31st. Great Britain recognizes Israel.

February–July  

24 February: Armistice signed between Israel and Egypt retaining the prewar border, except that Egypt gains control of the Gaza Strip. 

8 March: Ben-Gurion forms first (coalition) government of Israel. 

23 March: Armistice signed between Israel and Lebanon. Israeli forces withdraw from thirteen occupied Lebanese villages. 

Churchill, 29 March, New York City: “Remember, I was for a free and independent Israel all through the dark years when many of my most distinguished countrymen took a different view. So do not imagine for a moment that I have the slightest idea of deserting you now in your hour of glory.”

3 April: Armistice signed between Israel and Jordan with Jordan retaining East Jerusalem and the West Bank (Judea and Samaria). 

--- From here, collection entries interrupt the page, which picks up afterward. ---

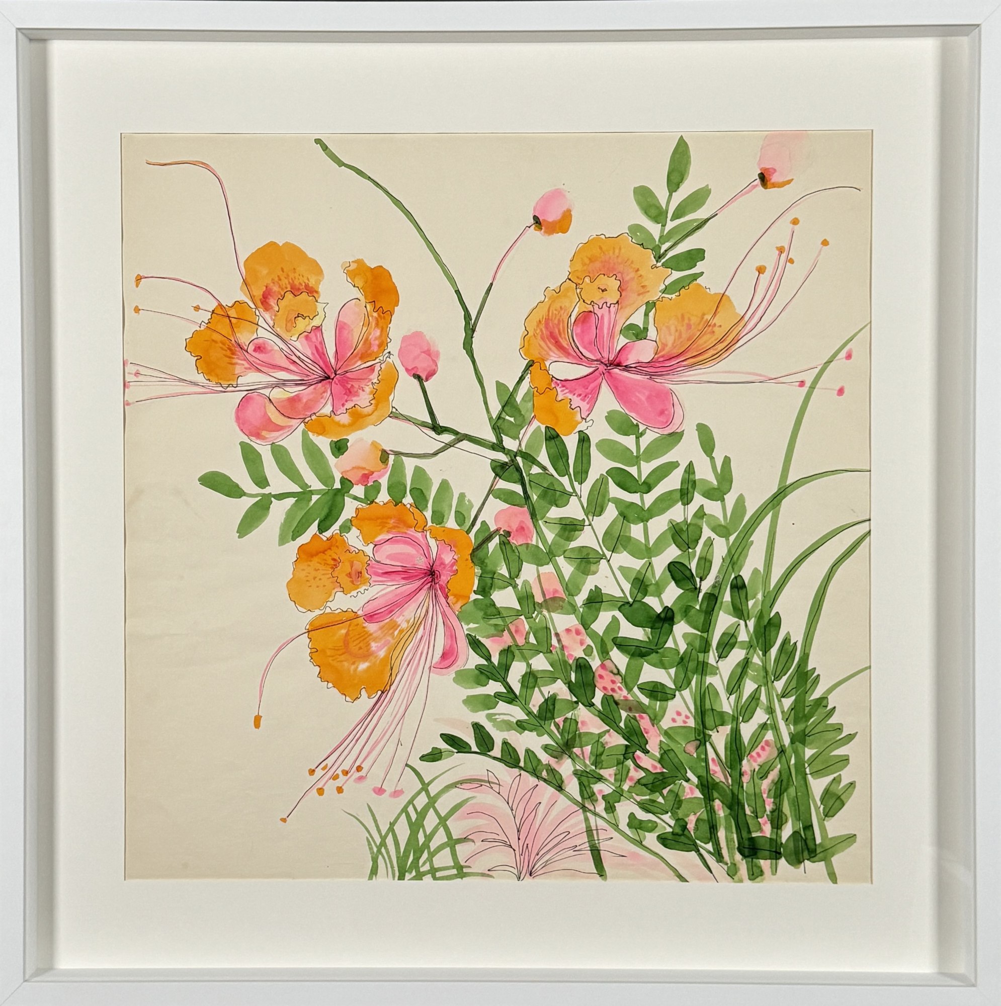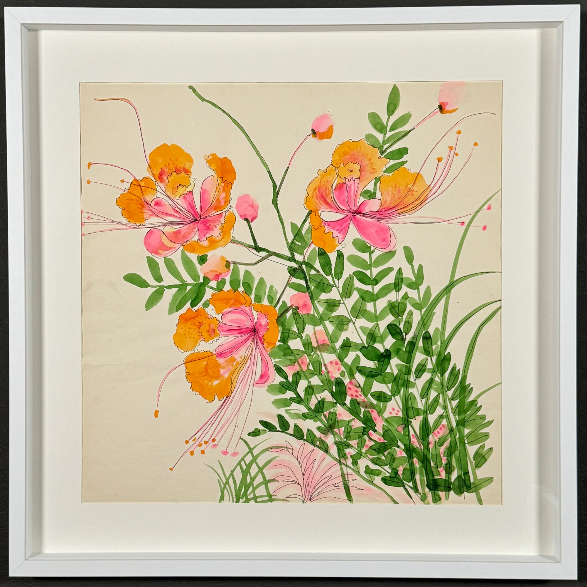 Radiant blooms of tangerine and fuchsia spring to life amidst a verdant sea of foliage. Each petal, delicately tinted and artfully arranged, radiates a lively energy. The intricate green leaves provide a lush backdrop, enhancing the vibrant hues of the flowers. This delightful composition captures the essence of a flourishing garden, imbuing any room with a touch of natural elegance and mid-century sophistication.
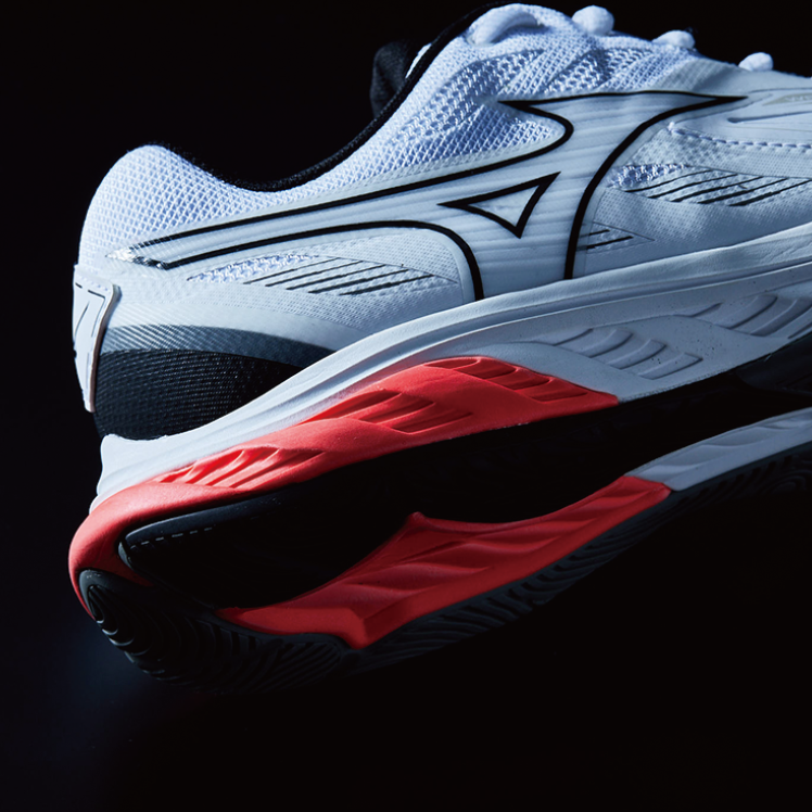 - Excellent cushioning achieved through the placement of the protruding heel structure and the thicker midsole. Plus, leveraging Foam Wave instead of the Wave Plate used to date provides enhanced softness, and loading MIZUNO ENERZY CORE at the forefoot achieves enhanced cushioning and energy return. This helps players make smoother lunges and smoother return motions post-lunge. The shoe also provides enhanced cushioning and stability support through the placement of EVA at two different levels of hardness at the midsole.
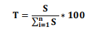 T : est le taux de consommation d’une espèce végétale donnée est le pourcentage de surface foliaire de cette espèce ingérée par un Acridien, rapporté à l’ensemble des surfaces foliaires ingérées.
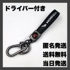 HONDAのカーボンファイバー風キーホルダー、スナップボタン付きで便利。

11 May: United Nations General Assembly admits Israel to membership. 

11 June: First UN-brokered truce. Jerusalem resupplied. The truce would last less than a month. 

10-12 July: Egypt breaks truce; Egyptian light tanks and infantry pushed back from Negba. 

20 June: Second armistice between Israel and Jordan. 

20 July: Second UN truce declared. 

Afterword 

At the end of 1949, David Ben-Gurion proclaimed Jerusalem the capital of Israel. Six months later, the Knesset passed the Law of Return, granting all Jews the right to migrate to and settle in Israel and to obtain citizenship. 

Churchill, 30 June 1951 (HofC): “The decline of our influence and power throughout the Middle East is due to several causes. First, the loss of our Oriental Empire and of the well-placed and formidable Imperial armies in India. Second, it is due to the impression which has become widespread throughout the Middle East that Great Britain has only to be pressed sufficiently by one method or another to abandon her rights or interests in that, or indeed any other, part of the world. A third cause is the mistakes and miscalculations in policy which led to the winding up of our affairs in Palestine in such a way as to earn almost in equal degree the hatred of the Arabs and the Jews.”

Richard M. Langworth, CBE, is the author or editor of 10 books on Winston Churchill, including the quotations book Churchill by Himself, an expanded edition of which will appear in 2024.